- Flag Seal
- Location in Táchira
- San Cristóbal Municipality Location in Venezuela
- Coordinates: 7°44′22″N 72°11′02″W﻿ / ﻿7.7395694°N 72.1839527°W
- Country: Venezuela
- State: Táchira
- Municipal seat: San Cristóbal

Government
- • Mayor: Silfredo Zambrano ((PSUV))

Area
- • Total: 226.6 km^{2} (87.5 sq mi)

Population (2011 -> 2019 projection)
- • Total: 263,765 -> 288,556
- • Density: 1,164/km^{2} (3,015/sq mi)
- Time zone: UTC−4 (VET)

= San Cristóbal Municipality =

San Cristóbal Municipality is one of the 29 municipalities of the state of Táchira in Venezuela. The city of San Cristóbal is the administrative center of the San Cristóbal Municipality, which is also the state capital.

==Demographics==
Based on the 2011 Venezuelan census, The population of the San Cristóbal Municipality was 263,765 people, accounting for 22.57% of the total population of the state of Táchira. Covering an area of 241 km², the municipality had a population density of 1,094.46 inhabitants/km², significantly higher than the national average of 29.71 and the state average of 105.31. By June 2019, official projections from the Venezuelan Statistics National Institute estimated the population as 288,556 people, representing an annual growth rate of 0.60% since 2011 and increasing the population density to 1,197 inhabitants/km². However, these projections do not account for the impact of emigration linked to the country's recent economic and political circumstances.

The gender distribution of the population was 48.08% men (126,827) and 51.92% women (136,938). There were 38.49% of households headed by a woman and on average the number of children per woman of reproductive age was 1.8, slightly below the national average of 2.

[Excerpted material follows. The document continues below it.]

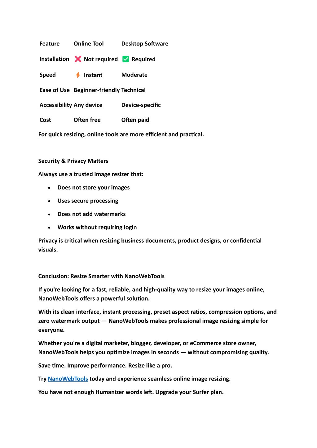 Feature Online Tool Desktop Software Installation Not required Required Speed Moderate Instant Ease of UseBeginner-friendlyTechnical AccessibilityAny device Device-specific Cost Often free Often paid For quick resizing, online tools are more efficient and practical. Security & Privacy Matters Always use a trusted image resizer that: •Does not store your images •Uses secure processing •Does not add watermarks •Works without requiring login Privacy is critical when resizing business documents, product designs, or confidential visuals. Conclusion: Resize Smarter with NanoWebTools If you're looking for a fast, reliable, and high-quality way to resize your images online, NanoWebTools offers a powerful solution. With its clean interface, instant processing, preset aspect ratios, compression options, and zero watermark output — NanoWebTools makes professional image resizing simple for everyone. Whether you're a digital marketer, blogger, developer, or eCommerce store owner, NanoWebTools helps you optimize images in seconds — without compromising quality. Save time. Improve performance. Resize like a pro. Try NanoWebTools today and experience seamless online image resizing. You have not enough Humanizer words left. Upgrade your Surfer plan.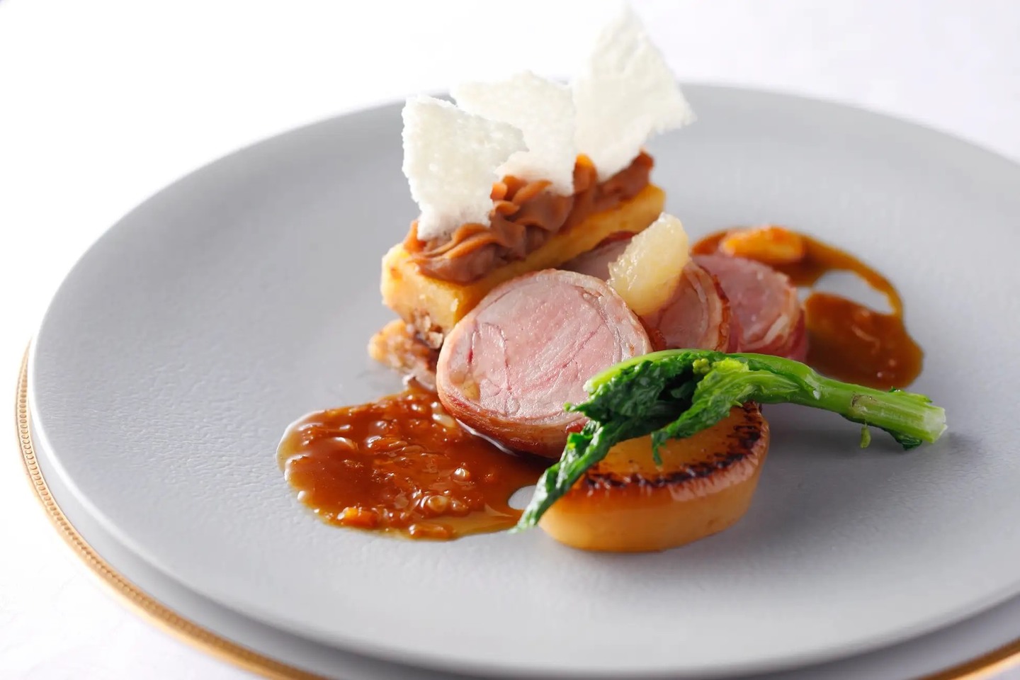 肉料理の『茨城県産“常陸の輝き”豚フィレ肉のベーコン巻き 晩白柚ソース』では、“常陸の輝き”にほのかな甘味と酸味のある晩白柚ソースを合わせた。栗とフランボワーズで仕立てたマロンタルトを添えている。

The age distribution showed that the largest segment of the population was aged 15 to 64, comprising 70.9% of the people. Younger people aged 0 to 14 made up 20.3% of the population, while those aged 65 and older accounted for 8.8%. The municipality is almost entirely urbanized, with 98.6% of inhabitants (260,173) living in urban centers compared to just 1.4% (3,592) in rural areas.

Ethnically, the municipality identified as predominantly White people (64.5%) and Mestizo (33.1%). Minority groups included 0.8% Afro-Venezuelans, a small indigenous population of 118 individuals, and 1.5% belonging to other ethnic groups.

The literacy rate was 97.8%, with 4,953 inhabitants of San Cristóbal not able to read or write. Internet access was available in 47.11% of households, and 55.37% of the households possessed at least one computer. 72.12% of households had landline telephone service and 72.89% of households had cable television. Media was quite accessible with 85.38% of households owning at least one radio and 97.34% owning a television. Basic appliances were quite common with 94.89% of households owning a refrigerator, 96.78% owning a stove, and 79.08% a washing machine. However, only 12.80% of households owned a clothes dryer, 24.24% a water heater, and 16.32% air conditioning.

==Agriculture==
The San Cristóbal Municipality, with the seat San Cristóbal at its centre, has agricultural lands producing cotton, cereal, maize, coffee, and sugarcane.

==Road infrastructure==
The San Cristóbal Municipality is served by several main roads, including the Transandean Highway and the Pan-American Highway.